> And it would be kind of hard to measure the presence of even several
> bladdersful of Sawicky pee in Lake Erie. Which is another way of
> saying that while the government can create money out of thin air,
> its prospects for doing so are quite limited if you want the money to
> retain any value.
As I understand it, Bell basically claims that USG taxes to create demand for high-powered money (the exact meaning of this isn't entirely clear to me), and that it issues/sells bonds in order to keep day-to-day receipts and payments from creating havoc with reserves and short term money. Neither of these actually finances deficit spending. The USG has to create money in this case b/c when taxes are paid, money is "destroyed."
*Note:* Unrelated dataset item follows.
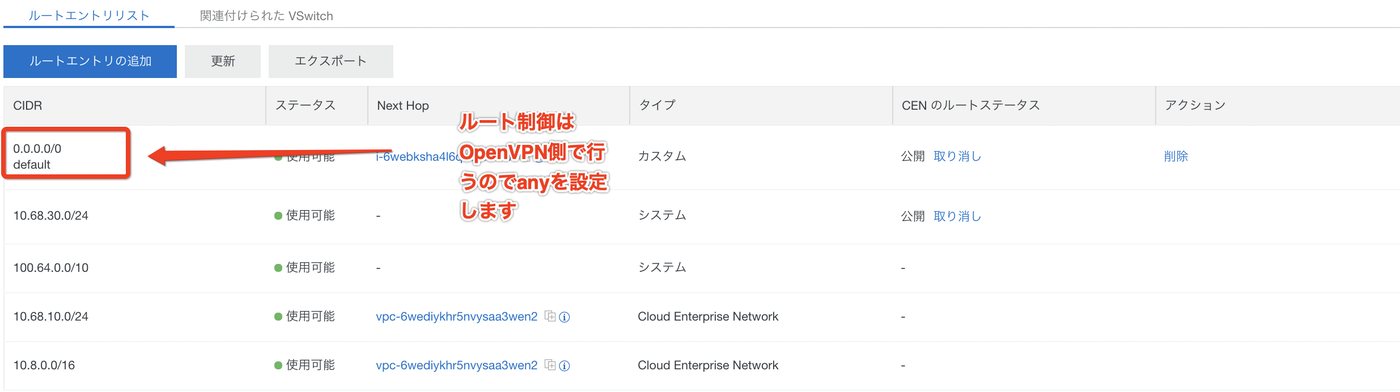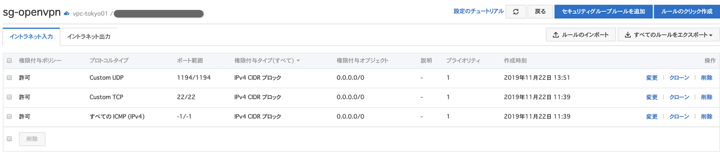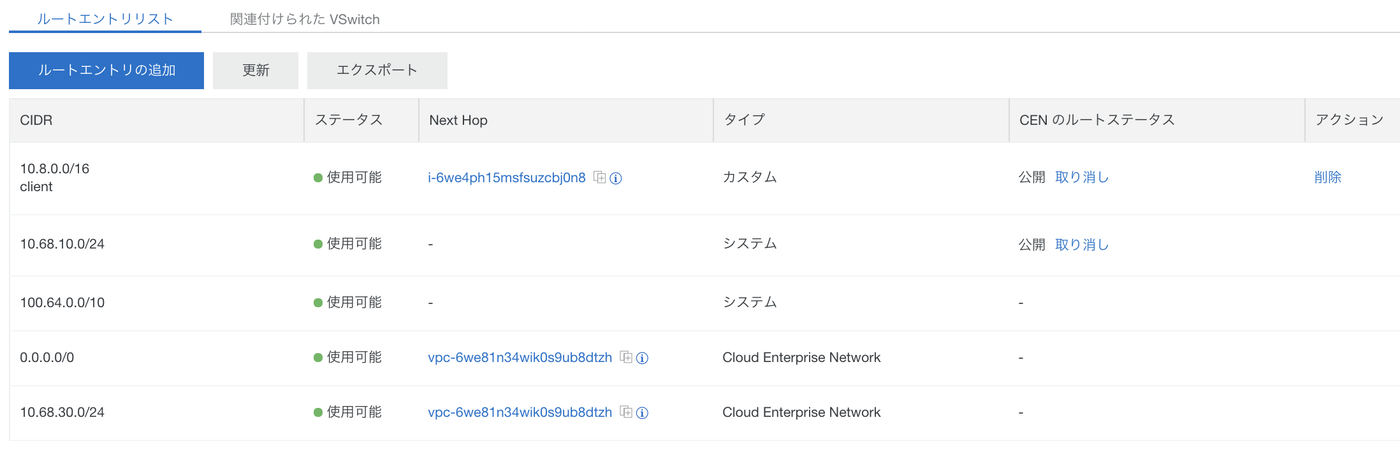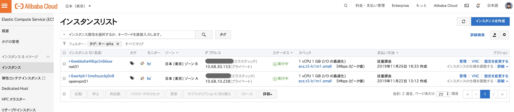 | VPNサーバ | openvpn01 | 日本東京(ゾーンA) | ecs.t5-lc1m1.small | 1vCPU 1GiB | 10.68.10.238 |
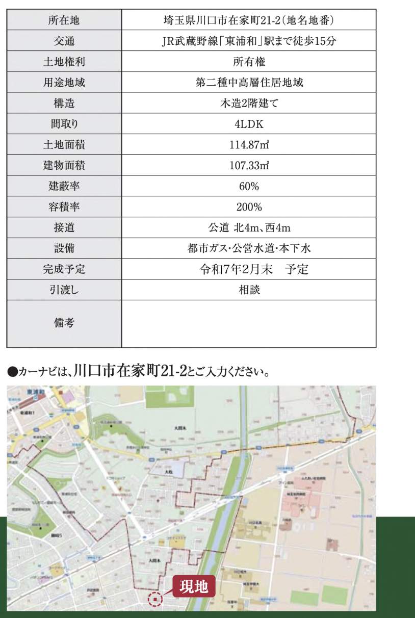 | 所在地 | 埼玉県川口市在家町 21-2新築戸建 仲介手数料無料 5380万円 更にお祝金最大20万円プレゼント付 東浦和駅歩15分 |

This strikes me as a distinction without much of a difference. By this account, taxation directs real resources from the private to the public sector, but only to create demand for money, not to finance gov's ops. So? If an increase in the gov's ops or a change in its balance are the reason you need the level of bond sales or taxation to counter reserve effects, then what doesn't make much difference. Moreover, the idea that a government has to spend money first in order to collect it in taxes is beside the point: ex ante, taxes and spending, not creation, are the way the gov has something to say about distribution, unless it's counting on inflation or deflation to do that for it.
I could be missing something, but I also didn't see the part where Bell spelled out the policy implications of the paper.